You can at least limit sugary foods like waffles.  Simply limit the waffles without pushing the eggs and fruit.  Get children used to only getting one waffle every time (though that will be another battle to fight).  You have the right to say, “One is enough.” Be firm. They’ll be hungry maybe after just one, and without being told to eat the eggs and fruit, they might eat them, independently of being pushed or pressed.  But that will be their problem, not yours. Otherwise, knowing that they won’t get anything else to eat till the next meal,  eating more will be their choice to make, depending on how hungry they are and how much they really dislike eggs and fruit. If they are told to eat them, they aren’t going to want to, though. They will want to be their own men, as well they should be.

Another option is just to make a rule like, “If you’ve eaten something that day, you can’t eat it again.” That’s a pretty abnormal and extreme move to make, but if you have a child who is eating abnormally, that rule could help change the dynamic, if held to matter-of-factly for many months in a row.  The problem I see is that the cook can never serve leftovers, which would be a big problem for me! Nobody is being made to eat anything, ever, but the narrowness is being discouraged, by simply not allowing them to stick to the same foods. No pushing, but pulling away. The rule could be dropped once normality is reached. Sometimes you have to go to such extremes to bring normality back in.

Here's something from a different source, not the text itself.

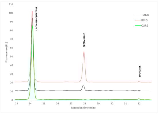 - Esatbeyoglu, T.; Ehmer, A.; Chaize, D.; Rimbach, G. Quantitative Determination of Spermidine in 50 German Cheese Samples on a Core-Shell Column by High-Performance Liquid Chromatography with a Photodiode Array Detector Using a Fully Validated Method. J. Agric. Food Chem. 2016, 64, 2105–2111. [Google Scholar] [CrossRef]

The important thing is that instead of telling them they must eat the thing you want them to eat, just keep them from eating the thing you don’t want them to eat. Be matter-of-fact, cheerful and firm. Don’t worry and waver. Leave it at that, and let them decide based on hunger what else they will eat. Give them the job of making sure they get what they need from what you present, instead of trying to control so much. The appetite is like a river: it has its own force. You don’t have to push it, and trying to get it to go in the right direction by pushing doesn’t work; you only need to block it from the wrong direction and it will automatically flow in the right direction. And everyone will feel better about each other as a result.

I hope you will browse more of my posts because I think many of them would answer your questions and provide a great deal of help! Here’s one to start with.

Your job as a parent or caretaker of children is to:

1. Offer only the best food options possible (nutrient dense, delicious, well prepared, well presented)

2. Train the child in good habits (eating only at the table, learning manners and social skills, eating only at meal time or scheduled snack time . . . )

3. Create a positive, pleasant atmosphere with conversation at the table (no battling over food, no pressure, no negative talk about the food allowed . . .)

4. Treat children as you would another adult as regards what they choose to eat. Respect the child’s ability to choose from among the options offered and to know what tastes good to him and how much he needs to eat. Don’t scrutinize and over control at the table. Don’t say how much of anything a child must eat (unless they are not leaving enough for others).  Serving family style is a great way–it’s nearly miraculous–to treat children with respect and grant them the control they should be having over their own eating. Three-year-olds are old enough to start learning how to pass dishes and serve themselves.

Good luck and keep me posted how things go!